English to Chinese: SETTLEMENT AGREEMENT AND RELEASE OF ALL CLAIMS General field: Other Detailed field: Law (general)
Source text - English IN CONSIDERATION of the payment of Two Hundred and Fifty Dollars .xx/100 ($250.00), receipt of which is hereby acknowledged by, xxx residing at xxx, Ambler, PA 19002 (hereinafter the undersigned”),for my/our self(ves) spouse(s), children, agents, heirs, representatives, executors, predecessors, successors and assigns, release and forever discharge, xxxxxxx Ice Cream Inc, (hereinafter “XXX’s”) and its shareholders, subsidiaries, affiliates, divisions, officers, directors, employees, agents, representatives, insurers, predecessors, successors and assigns and all other persons, firms, companies, and corporations and/or independent contractors (including, but not limited to, all distributors, handlers, brokers, prepared food purveyors, wholesale sellers, retail sellers, grocery stores and/or chains and all other such parties charged or chargeable with responsibility), of and from any and all claims, demands, debts, damages, actions or causes of action, injuries, loss of use, loss of services, medical or dental expenses or any other liabilities arising out of or in any way connected with the incident occurring on or about, 04/29/2013 at or near involving product: xxxxx Choc Chip 14 OZ.

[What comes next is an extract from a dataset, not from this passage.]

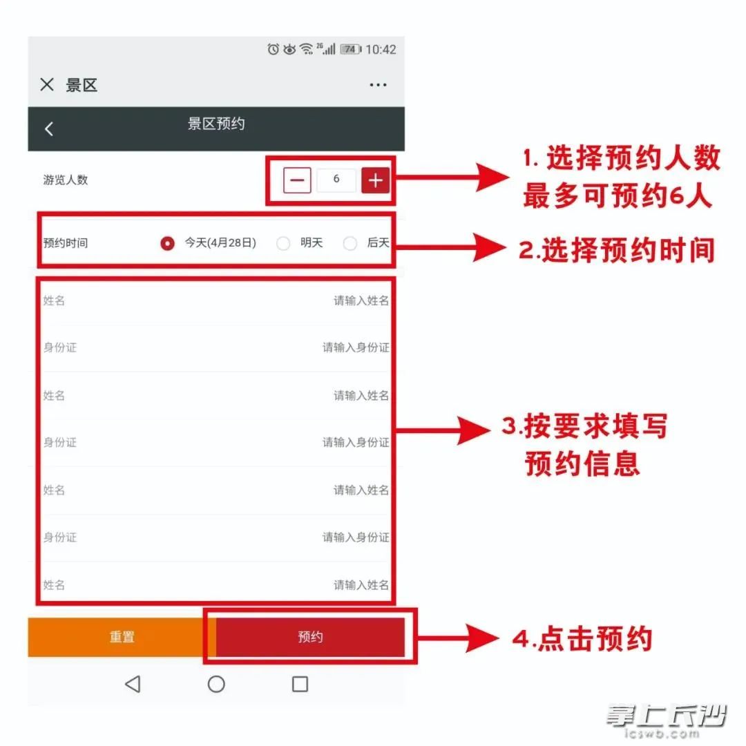 扫码关注“岳麓山橘子洲旅游区”官方微信,选择左下角景点预约,选择“橘子洲”进行预约后进入页面,选择游览人数(最多可预约6人)、预约时间,填写好个人信息,点击右下角预约。预约成功后,出现入园二维码,使用时请向景区工作人员展示。如果没有提前预约,景区入口提供预约二维码,可在入口扫码,并提供健康码入园。但一旦人流过大,景区将实施分流措施,控制入园人数。

The undersigned further covenant(s) and agree(s) to protect, indemnify, and hold harmless XXXs and its shareholders, subsidiaries, affiliates, officers, directors, employees, agents, representatives, insurers, predecessors, successors and assigns, and independent contractors of and from any further loss, damage or expense by reason of litigation or otherwise arising out of or in any way connected with the subject claim.
Translation - Chinese
XXX(XXX)，现住址XXX Ave, Ambler, PA 19002，现收到贰百五十美元整（$250.00），（以下简称签字方），条件是，从此，我／我们，我的配偶，孩子，代理人，后嗣，代表，执行人，先人，后人及继承人，转让，放弃，并永远不再追究责任于XXXX 冰淇凌公司（以下简称XXX)及其持股人，下属机构，附属机构，分部，办公室，总管，员工，代理人，代表，保险公司，先人，后人及转让者和其他人员，商号，公司，独立承包商（包括，但不限于，所有分销商，处理人，中间人，加工食品承办商，批发商，零售商，食品商店和/或其连锁店以及所有其他被控有责任方，签字方不再提起索赔，要求，债务赔偿，损坏赔偿，行为或行为原因赔偿，受伤赔偿，缺失赔偿，服务损失赔偿，医疗或牙科费用赔偿， 或由２０１３年４月２９日由XXXX Chip 14 OZ或类似产品所发生之事件造成或有关系的所有责任。